This is a slight aside, but CachyOS is a great example of the failure of Wikipedia politics.
The "CachyOS" page was deleted[1], and replaced with a redirect to the Arch Linux page. But CachyOS is not mentioned anywhere on that page, nor on the "List of Linux distributions § Arch Linux-based" page.
It links to https://en.wikipedia.org/wiki/Arch_Linux#Derivatives which indeed lacks any mention of CachyOS. Luckily, Wikipedia is free to register, and you can just edit pages you feel like could be better. Seems like you found the perfect first edit to make for yourself :)
It's an endemic issue on wikipedia, and even editing wouldn't fix this one instance, since someone can (and demonstrably already has) remove whatever you add later on. The issue is wikipedias preference for "deletionism", removing perfectly correct information for no particularly good reason. It's especially pernicious when it comes to short articles, which tend to get deleted with impunity, and redirected to sections of articles, which later get renamed, destroying the link, or removed altogether. Nothing can be done by any individual to fix this issue, since it comes from a wikipedia wide policy, which unfortunately is not one of the things that "anyone can edit".
I agree with most of what you wrote, but unless you can demonstrate that someone actually added CachyOS to the "Arch Linux-based" on the "List of Linux distributions" page and it was later removed, I'm not sure how much it matters how Wikipedia generally works.
I have a long Wikipedia history, but that is not the point. There already was a CachyOS page, and it was removed. Why bother contributing stuff that will just be deleted again?
It might have been removed due to the editor's impression that CachyOS is not significantly different from Arch.

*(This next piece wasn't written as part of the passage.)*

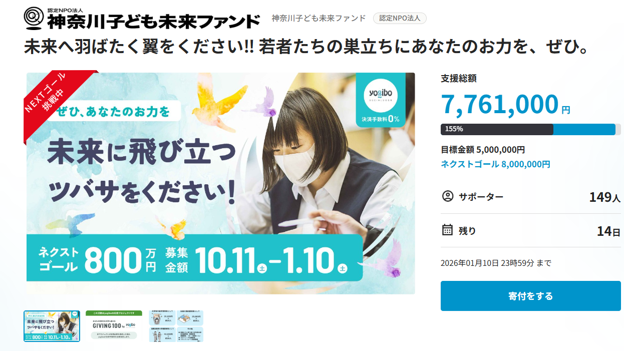 2025-12-09 14:01\目標500万円達成しました!ネクストゴール目指して頑張ります/かながわつばさプロジェクトへのあたたかい応援をどうもありがとうございます! 12/8に目標金額500万円を達成しました!これまでご支援いただきました皆さま、どうもありがとうございます。 皆さまがご支援額とともに届けてくださった想いの重みを改めて感じております。 このご支援により、一人でも多くの若者が未来を描いて羽ばたけるよう、協力団体の皆さまと一緒に心を若者たちのサポートを進めていきたいと思います。 まだまだクラファンは終わりません!この先来年・再来年とつばさプロジェクトを継続できるように、ネクストゴールを800万円に設定しました。 つばさプロジェクトを通して若者支援の輪が広がっていくよう、引き続き頑張ります!2025-12-09 14:01\目標500万円達成しました!ネクストゴール目指して頑張ります/かながわつばさプロジェクトへのあたたかい応援をどうもありがとうございます! 12/8に目標金額500万円を達成しました!これまでご支援いただきました皆さま、どうもありがとうございます。 皆さまがご支援額とともに届けてくださった想いの重みを改めて感じております。 このご支援により、一人でも多くの若者が未来を描いて羽ばたけるよう、協力団体の皆さまと一緒に心を若者たちのサポートを進めていきたいと思います。 まだまだクラファンは終わりません!この先来年・再来年とつばさプロジェクトを継続できるように、ネクストゴールを800万円に設定しました。 つばさプロジェクトを通して若者支援の輪が広がっていくよう、引き続き頑張ります!

With proof to the contrary the page may be restored.
There are a lot of derivative(I don't mean it in a negative way) distors out there, not sure if they all need pages.
Most moderated spaces remove content that doesn't fit the community, Wikipedia does take that to the extreme but I still prefer that than the opposite extreme.
But their differentiation is that to improve performance they compile all the packages with newer instruction sets as the target as well as enabling more optimizations like LTO. And some are even optimized with PGO.
I find it odd to call a specific Linux distribution blazingly fast.
Gentoo with make.conf (/etc/portage/make.conf[1]) having "CFLAGS="-O3 -march=native -flto"" means that Gentoo, a Linux distribution, is performant?
[1] It is not a good idea to build everything with LTO or PGO enabled because not all packages support LTO / PGO cleanly. Do it on the basis of per-package.
I've seen claims of decent speed improvements when using CachyOS, though I can't say I've ever hunted down solid confirmation. I'm a bit wary of the project because I would have to put a lot of trust in them since they're rebuilding everything themselves and could easily introduce malware somewhere in there. (But I've been scared of distros before only to have it pointed out to me that some very well respected people are involved, so I could be worrying for nothing here too)
Does Gentoo have binpkgs with these compileflags? With CachyOS you don't have to compile, because it's a rolling binary distro. Regarding your [1]: They do that, systemd(or parts of it) are unoptimized, for instance. They don't apply that stuff blindly, only where it works.
For me it feels blazingly fast, even on obsolete KabyLake Core-I5/7(t) forcibly clocked down to about 800Mhz most of the times :)
It fucking flies without much effort. On modern systems even more so. While being rock solid. Without any crashes. Even under Plasma. When I'm reading about bugfixes regarding crashes under Plasma I just shrug and think "Waddya talkin about?". That may be hardware dependent, though, because they are old Lenovo Thinkcentres(1Litre SFF M910q tiny) with excellent firmware.
Using btrfs, profile-sync-demon, zram(Yes. Even with 32GB Ram!). Suspend/Resume working every single time. No glitches, hick-ups, ever. So far. Since 10th of June, 2024.
Edit: Almost always some music out of yt doodling in some bg-tab, in oh-so-slow FF, without any clicks, stuttering, or other breaks.
No need for yt-dlp, mpv at all. Except for dl/saving stuff, sometimes. While FF is rarely under 100 tabs.
Good for you. The 'oh-so-slow' regarding FF was meant as satirical btw. With what I'm using it for, it doesn't lag. Maybe because of https://github.com/graysky2/profile-sync-daemon mostly, and some other fine-tunings, which make it not touching the filesystem over and over again. I really recommend PSD. Not even insane amounts of RAM, it usually takes about 4 to 5GB, rarely going to 8, then shrinking back a while after closing too much tabs. Imagine that!1!! It's all about some sysctl settings :-)
Sideberry (Tree-Style-Tabs like extension) was the ugliest offender there. Though that may have been me misconfiguring it. OTOH I didn't manage to find settings where it didn't do that, and still looked like I wanted it to. At that time, maybe a year ago, I've thought of it as potential 'instant ssd-killer'. Couldn't be bothered. Deinstalled.
Now FF has some basic version of vertical tabs by Mozilla itself. It suffices(for now).